Maybe. I tend to speculate that causation can hypothetically propagate in both temporal directions: past -> future (conventional causality) and future-> past (retro-causality). The reason why we don't observe retro-causation in which future events cause past events might be some local physical conditions of this particular universe that we find ourselves in. (Something to do with the 'big-bang' perhaps.)

Quote:However, to exist before another event is to be at a different time than that event. Event A occurs at 3:00. Event B occurs at 3:05. How then does event A cause event B? Agency is distributed over the 5 seconds between the two events. The metaphor is a mechanistic one---of a transmitted force thru time and space between Event A and Event B. But not exactly, for Event B does not preexist the reception of the force from Event A. It is created BY Event A.

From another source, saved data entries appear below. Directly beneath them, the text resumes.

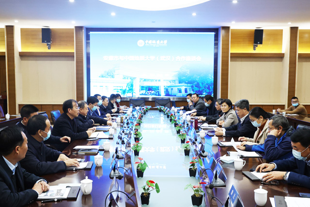 武文罡介紹安康情況并感謝學校對安康富硒產業持續健康發展做出的重要貢獻和對安康城市建設的支持。他表示,安康在“十四五”期間,迫切需要人才、科技和項目支持,希望與地大在富硒資源開發利用、科研平臺建設、科技成果轉化、城市規劃建設、地質災害防治、水資源保護等領域展開產學研合作,并建立長期全.面的戰略合作關系。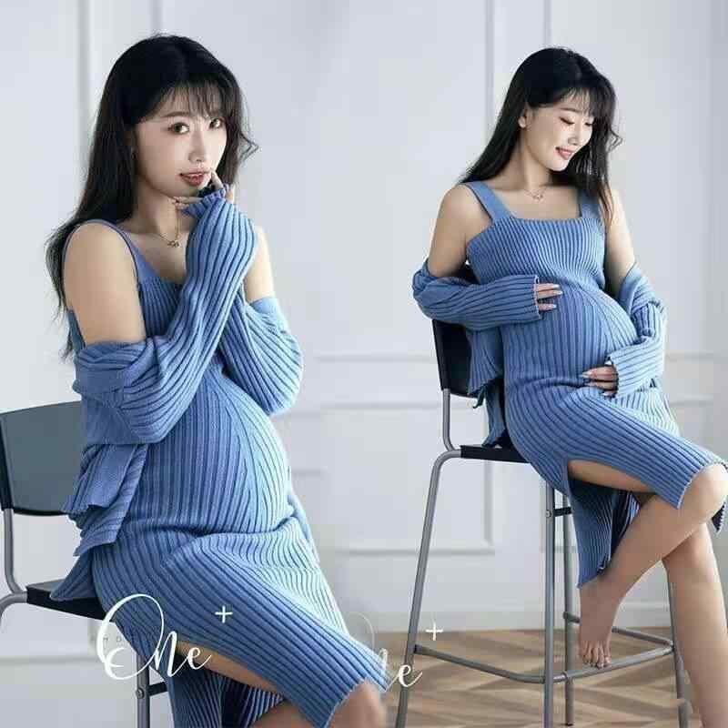 マタニティドレス 妊婦用 撮影用 マタニティフォト 記念写真 エレガント ロマンティック ブルー カーディガン ワンピース 羽織り 2点セット スタジオ撮影 コットン 綿素材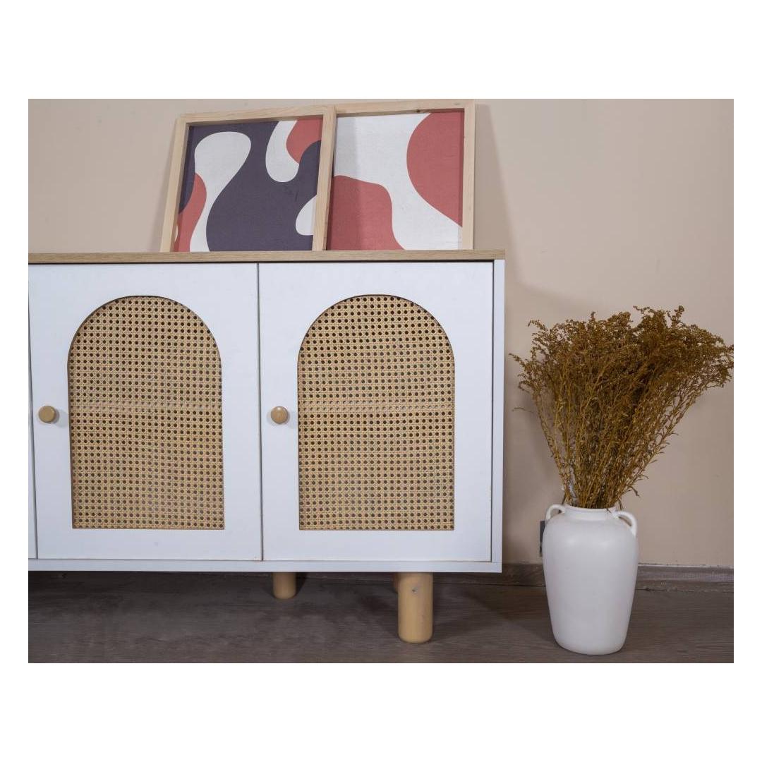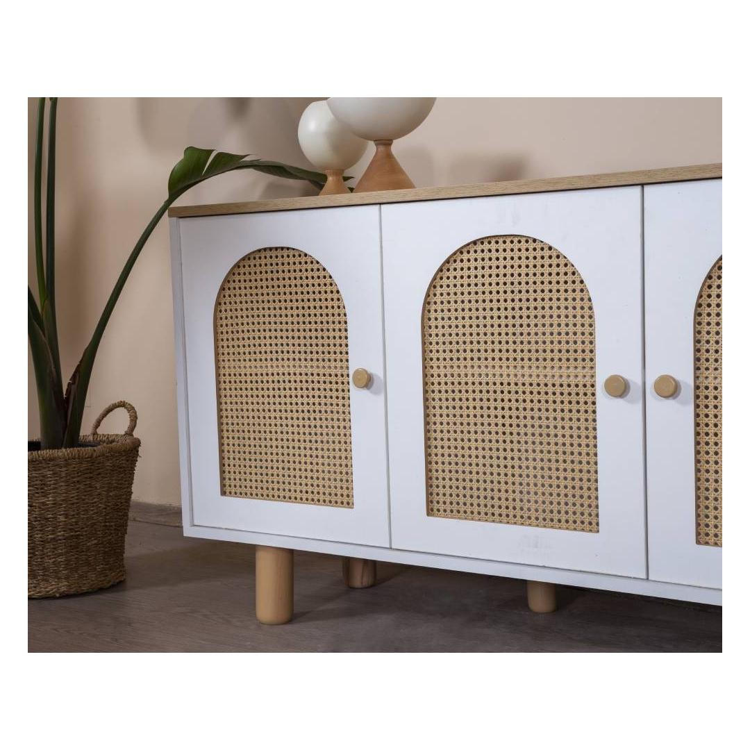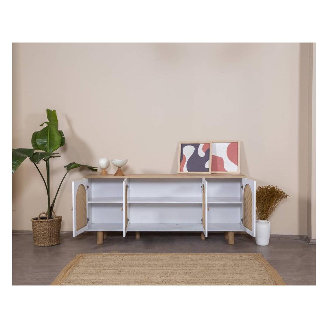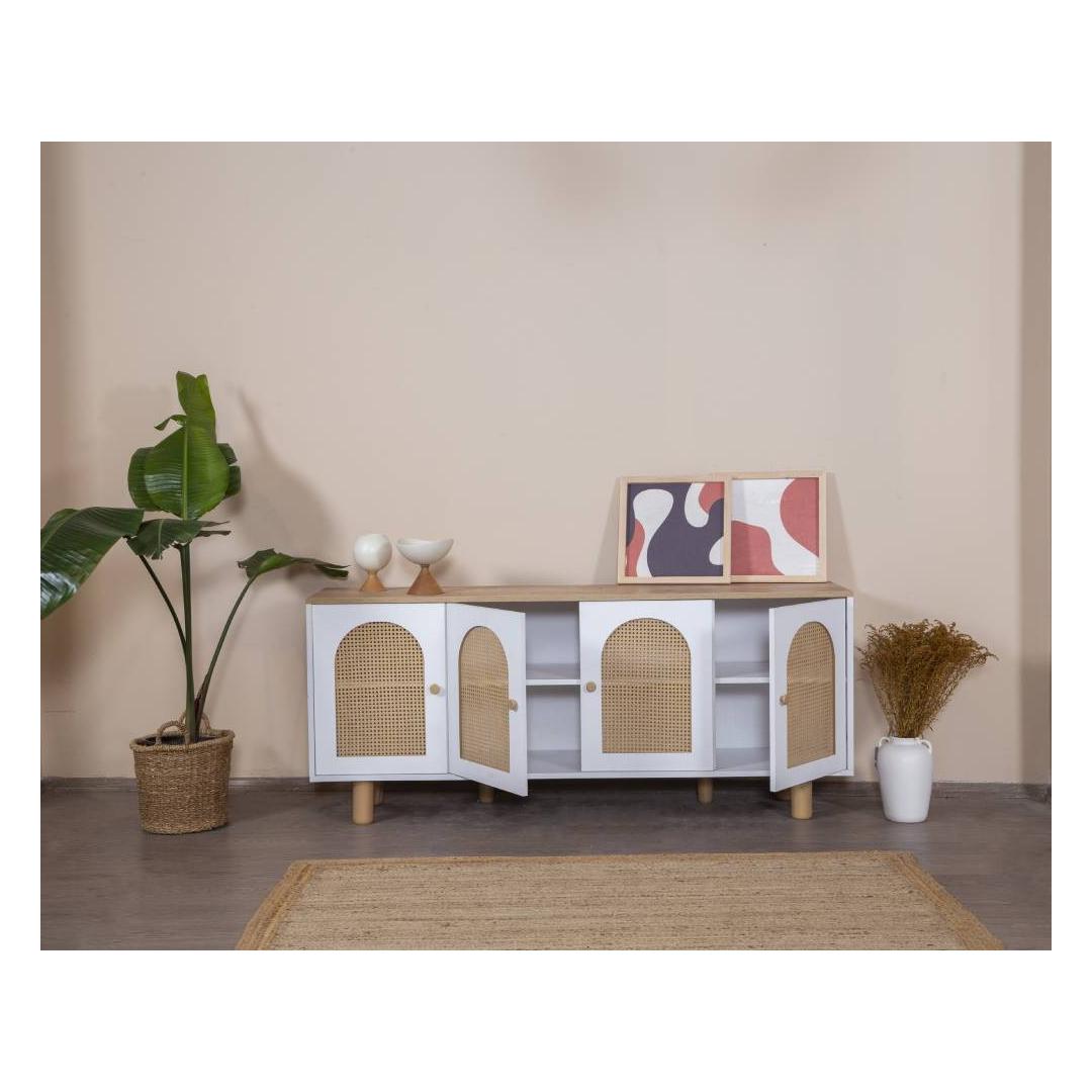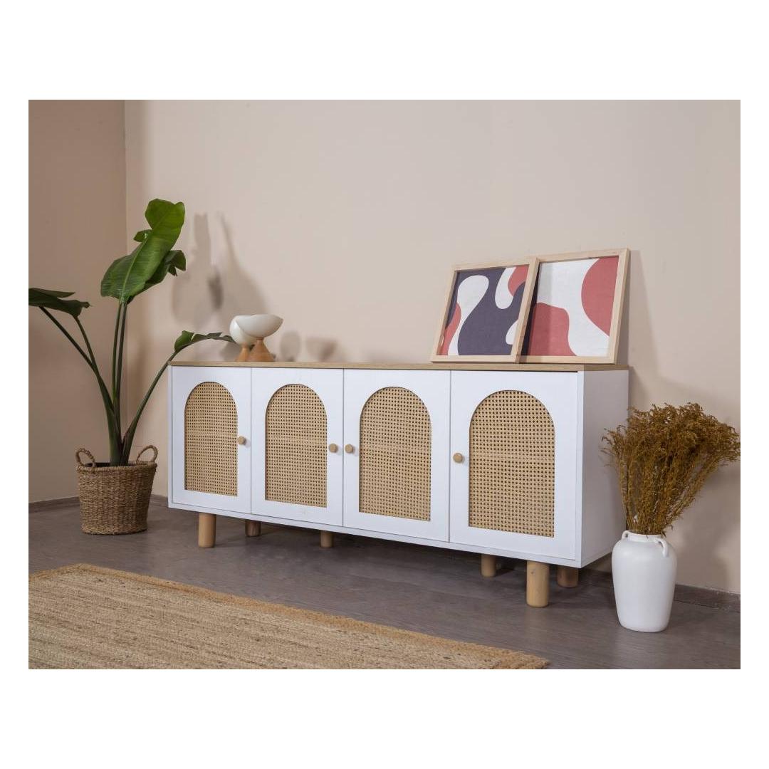 Muuda oma eluruum meie hämmastava modernse konsooliga, mis on valmistatud 100% MDF-ist ja elegantsetest sarapuu puust jalgadest ning käepidemetest. Selle konsooli sujuv disain ja puhtad jooned tõstavad koheselt iga ruumi stiili, lisades sellele natuke rafineeritust ja võlu.

Doesn't that depend on precisely what we are talking about when we speak of different "events"? What are these events? How do we identify and describe them? To use your mechanical picture, imagine a billiard ball in motion striking one at rest. After it is struck, the second ball is observed to be in motion too. So what precisely are the events A and B here?

At first we observe the first ball in motion and the second ball sitting on the table at rest. Then the first ball strikes the first and for a short period of time (milliseconds perhaps) they are in physical contact. The first ball decelerates and the second ball accelerates. Then the second ball separates from the first and they are no longer in contact, the accelerations/decelerations cease and they move apart

Quote:Transmission of force assumes simultaneity of Event A with Event B.

There was a short period of time when the two balls were in physical contact.

Quote:Such is not the case. So in what sense does Event A CAUSE Event B, if it is prior to Event B, and transmits no force to it across time and space?

I don't see any reason to think that force wasn't transmitted from the first ball to the second during the short period of time they were in contact.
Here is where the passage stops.